Bencana kerap memporak-porandakan sebuah negara. Dengan infrastruktur resiliensi, ekonomi sebuah negara akan tangguh.
RIDWAN MARZUKI
New Delhi, India
PEMBANGUNAN fasilitas umum merupakan salah satu konsentrasi India. Tak hanya bisa dipakai, infrastruktur didesain tahan bencana.
Negara yang kini dipimpin Perdana Menteri (PM) Narendra Modi itu bahkan membentuk satu lembaga think tank yang fokusnya pada resiliensi infrastruktur.
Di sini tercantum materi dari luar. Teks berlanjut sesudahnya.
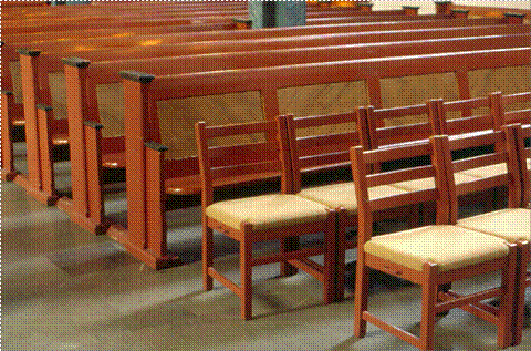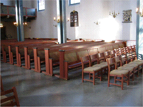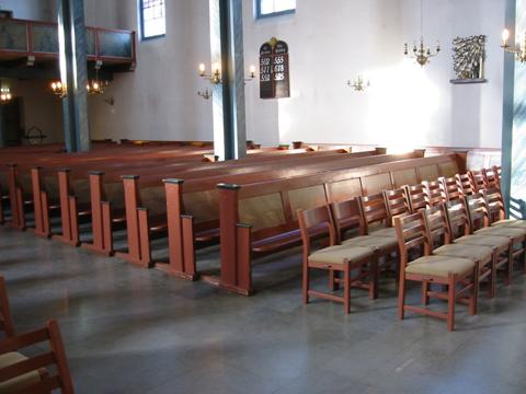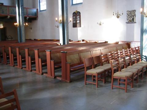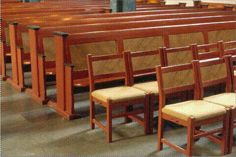 erstattet med stoler fremme i kirkerommet for å gi nødvendig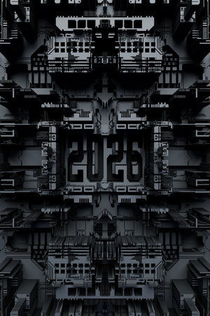 3d illustration Futuristic tech postcard with the year 2026 on the background of a metallic, technological cover of a spaceship or robot. Abstract graphics in the style of computer games.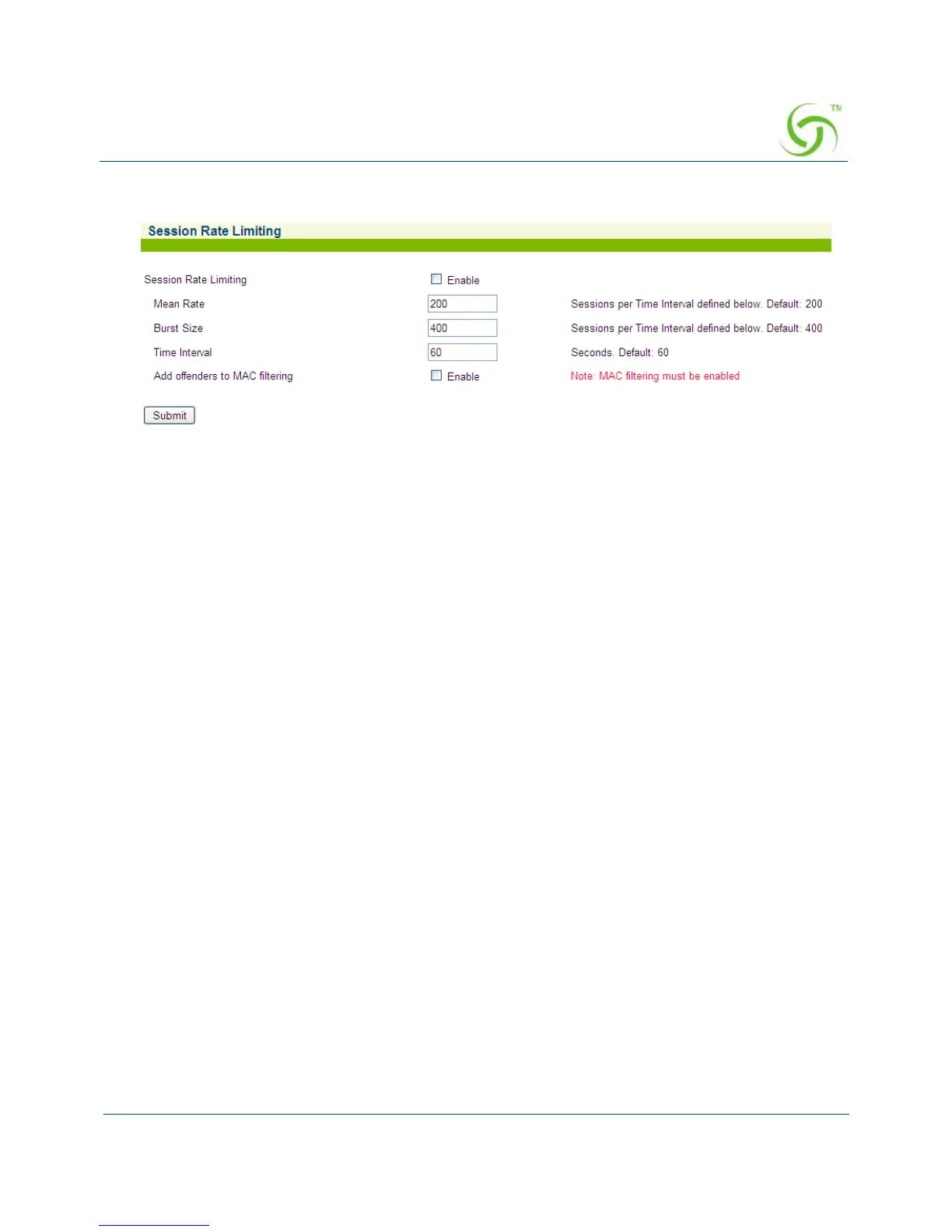 2. Click on the check box for Session Rate Limiting to enable (or disable) this feature, as
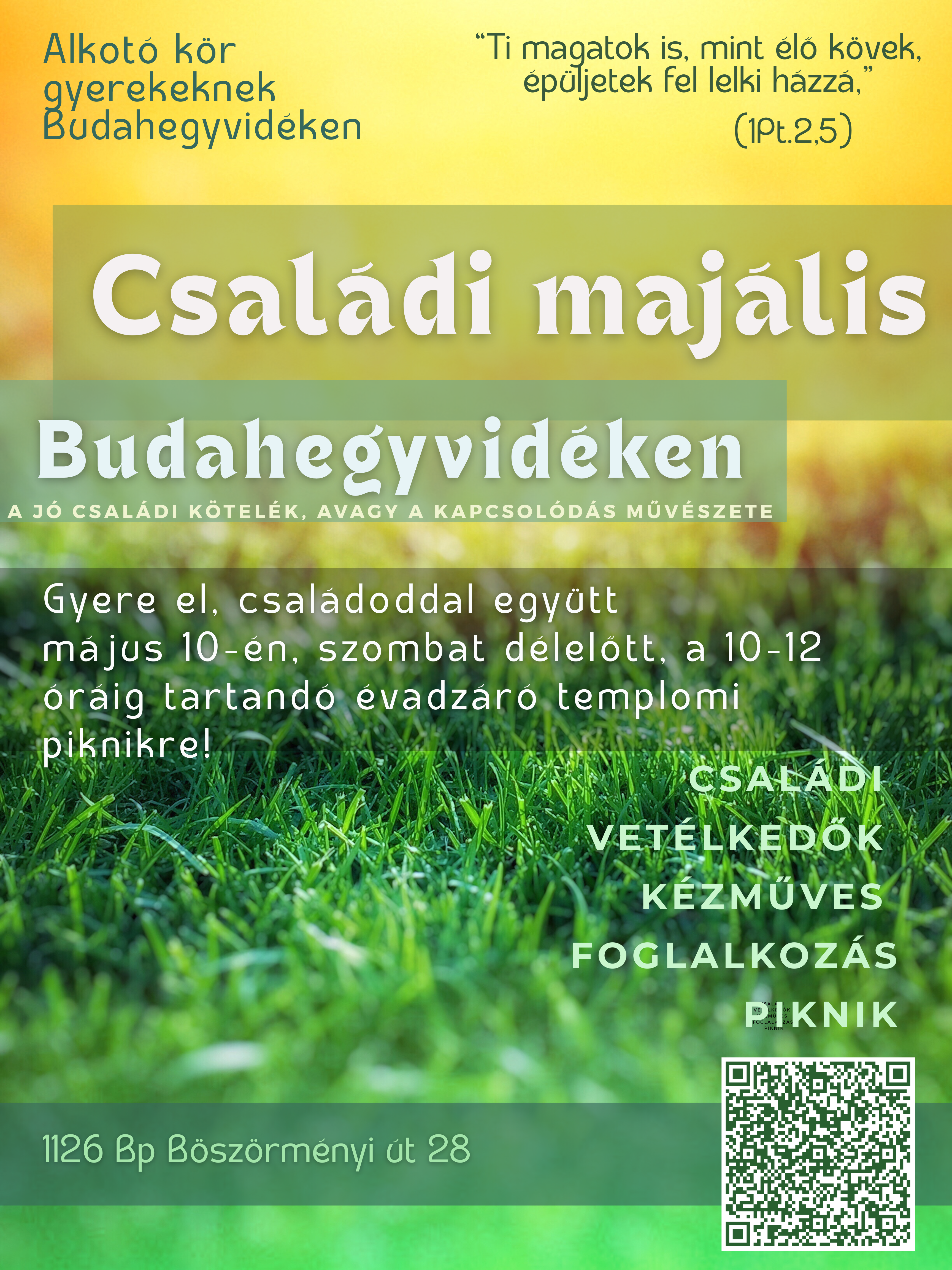 Sok szeretettel hívjuk a családokat közösen, május 10-én délelőtt 10-12-ig tartandó, évadzáró alkotó körünkre: közös játékra, családi vetélkedőre, kézműves foglalkozásokra, kötetlen együttlétre és piknikre.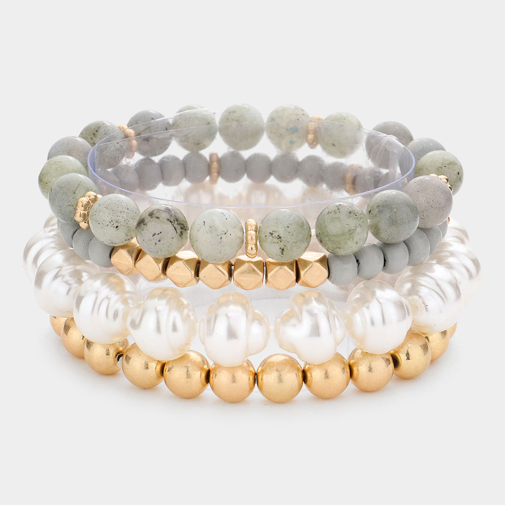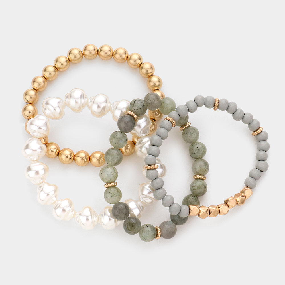 4PCS - Semi Precious Pearl Wood Beaded Stretch Bracelets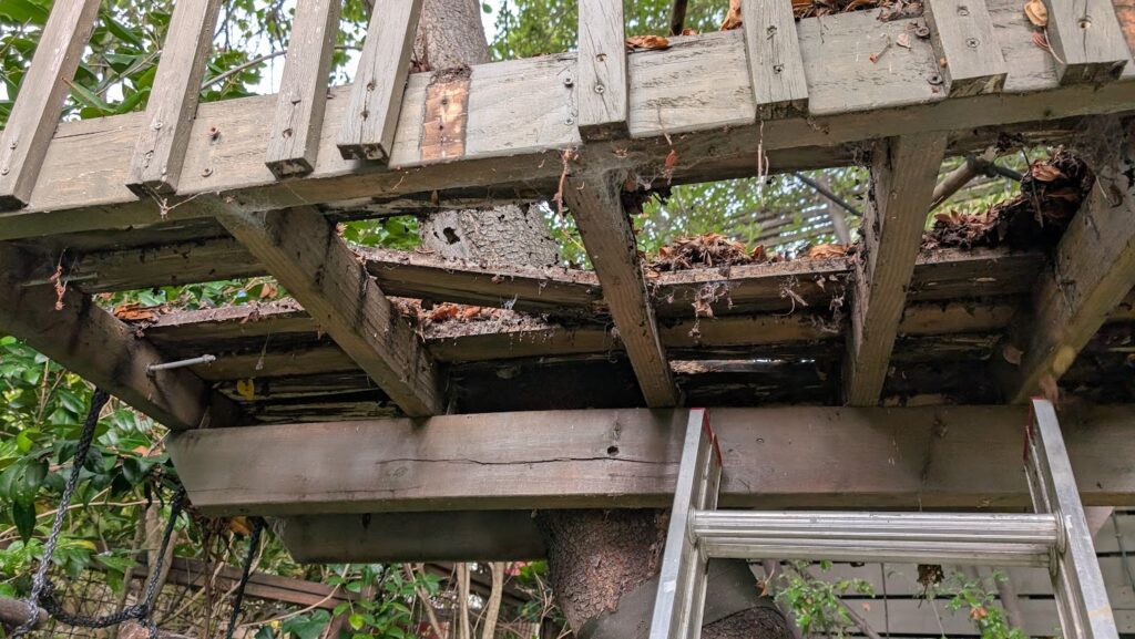 10 years isn’t bad for a small project like that to last; had I done the math I could have predicted that the life of a treehouse for my kids would be less than 10 years. I think of my childhood sandbox and jungle gym, and remember them better as rusted ruins considered from young adulthood than I remember using them in their prime. Though there was that one time I clamped an electric light onto a pipe of the climbing structure and set the sprinkler on it, to recreate the colorful fountains of an amusement park that caught my fancy. That was nearly my last creative endeavor, but the power shorted out and I lived to see another day.

Lembaga ini bahkan menjalin kemitraan di ASEAN, Eropa, Afrika, Australia, Asia, hingga Amerika.
Namanya Coalition for Disaster Resilient Infrastructure (CDRI) alias Koalisi untuk Infrastruktur Tahan Bencana. Tak hanya asesmen dan asistensi infrastruktur, mereka juga terlibat mendampingi pendanaan terhadap negara-negara yang menjalin kemitraan dengan lembaga ini.
“Indonesia telah kami tawari untuk bergabung. Mereka sementara memproses,” beber Amit Prothi, Direktur Utama CDRI saat FAJAR berkunjung ke kantornya di New Delhi, India, kemarin.
Sejumlah pakar infrastruktur, bencana, desain, arsitektur, ekonomi, finansial, dan lainnya diajak bergabung dalam koalisi ini. Mereka yang akan memberi panduan bagi sebuah negara anggota yang bergabung ketika merencanakan pembangunan.
Amit memberi contoh gempa, tsunami, dan likuefaksi di Palu. Lantaran infrastruktur tidak resilien, kerugian bencana tercatat sangat besar. Ketika bencana telah terjadi, butuh waktu lama untuk membangunnya kembali.
Nah, proyek infrastruktur resiliensi ini digagas untuk meningkatkan daya tahan ruang publik dan prasarana umum menjadi lebih kuat. Pada muaranya, investasi pemerintah di sektor pembangunan akan lebih bermanfaat dan tak terus-menerus menambal sulam.
“Investasi infrastruktur resiliensi itu menguntungkan. Jika mengeluarkan USD 1, maka secara ekonomi pasti kembali USD 4,” sambung Amit.
Sejauh ini, di antara seluruh negara anggota koalisi, CDRI telah memiliki sejumlah negara donor dari Eropa dan Amerika. Bagi member baru di kawasan negara berkembang, CDRI bahkan menawarkan kerja sama gratis. Anggota yang bergabung akan diberi asesmen tanpa kewajiban membayar kontribusi.
“Ini gratis. Kalau Indonesia mau gabung, kami tak mewajibkan adanya kontribusi finansial,” beber Amit.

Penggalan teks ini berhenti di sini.